Para nuestra sorpresa, resultó que la distribución de los interiores en los departamentos estaba calcada, una en espejo de la otra:

P5: Terraza Vilendi

P4: Living-comedor - cocina - toilette Vilendi

P3: Habitación matrimonial en suite - cuatro cuartos - baño Vilendi

P2: Habitación matrimonial en suite - cuatro cuartos - baño Almeida

P1: Living-comedor - cocina - toilette Almeida

PB: Jardín común

P5: Terraza Darío y Silvina

P4: Living-comedor - cocina - toilette Darío y Silvina

P3: Habitación matrimonial en suite - dos cuartos - baño Darío y Silvina

P2: Habitación matrimonial en suite - dos cuartos - baño Lobería

P1: Living-comedor - cocina - toilette Lobería

PB: Jardín común

Por los problemas de construcción a los que se refería papá, se oían las pisadas de los vecinos de arriba cuando eran fuertes, si subían corriendo la escalera interna, si movían un mueble, un cajón o la puerta de un placard, si limpiaban o si al barrer daban golpes de escobillón; si ponían alto el televisor, si soltaban un chorro (masculino) o una cascada (femenina) de pis, si se duchaban o sonaba la alarma de un reloj despertador. Y en el papel principal, la voz de la mujer Vilendi: inolvidable. Desde mi casa, nos preguntábamos con qué superpoder estarían dotados el marido y la hija para aguantarla tan cerca, si ya para nosotros, piso mediante, podía ser un helicóptero volándote en los oídos. Todo en ella era estallido, desde la risa a los portazos. Por lo general, aún en los decibeles más controlados, su tono variaba del chirrido de una ardilla a la que intentan arrancarle la cola o un conejo asándose vivo en su jaula al rayo del sol, hasta el quejido metálico de una cortadora de fiambres o una sierra eléctrica en pleno podado de bosque. Producía una destilación de acero. A veces discutía con alguien, en vivo o por teléfono, en una nota que sostenía rasposamente aguda durante quince o veinte minutos, inexplicable para cualquier garganta. Los zapatos con taco punteaban el itinerario de sus recorridos: si buscaba ropa para cambiarse, abría y cerraba los cajones de su vestidor, iba del baño en suite a su habitación y volvía al cuarto un millón de veces, le decía algo a alguien y se metía a ducharse, entonces se oía el agua durante un buen rato. Papá empezó a cuestionar cómo podía ser que la señora anduviera con zapatos o botas de taco hasta en los feriados patrios, desaconsejable para cualquier par de pies que aspiren a una vida reposada. ¿Nadie le había hablado sobre el desahogo de movilizarse en pantuflas un 25 de Mayo? En silencio se honra más una bandera, ironizaba.
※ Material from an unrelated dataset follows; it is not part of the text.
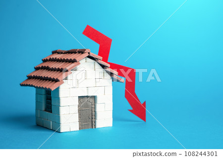Stock Photo: House and red arrow down. Falling housing prices. Unprofitability of investments, price fall in the real estate market. Lowering demand, construction rates and trends. Expensive mortgage.
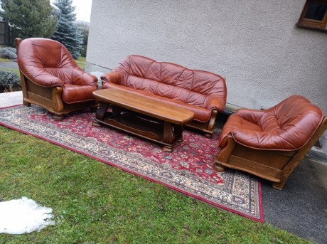 XXL Kožená rustikální sedací souprava 3 - 2 - 1 , stolek .

La molestia no aparecía solo de día. En la época de resfríos y catarros, papá se despertaba en plena noche por los rugidos lanzados con cada estornudo o la tos espasmódica, de lobo marino, de un Martín Vilendi engripado. Eso indignaba a Fernando, tener que andar sonámbulo por la casa, hacer zapping a cualquier hora de la madrugada, jodido por el insomnio que le había encajado el vecino.

—Igual —comentaba—, si lo nuestro se queda encerradito acá con nosotros, está bien. Nos vamos a enterar de todo lo que les pase, pero no a la inversa. Así que sencillamente traten de no poner la música muy fuerte y no gritar.

Julián le hizo ver a papá que en ese caso nosotros ganábamos si el medidor indicaba preservación de la privacidad, ya que nuestros meos, toses, peleas y música prácticamente no le llegarían a los Vilendi, pero perdíamos como en la guerra si nos convertíamos en los receptores de sus meos, toses, gritos, tacos, puertas, escaleras…

—Y otras cuestiones que me guardo porque hay menores.

—¡Julián! —lo cortó papá con un golpe de puño sobre la mesa.

—Vos sabés de qué hablamos cuando hablamos de habitaciones, viejo.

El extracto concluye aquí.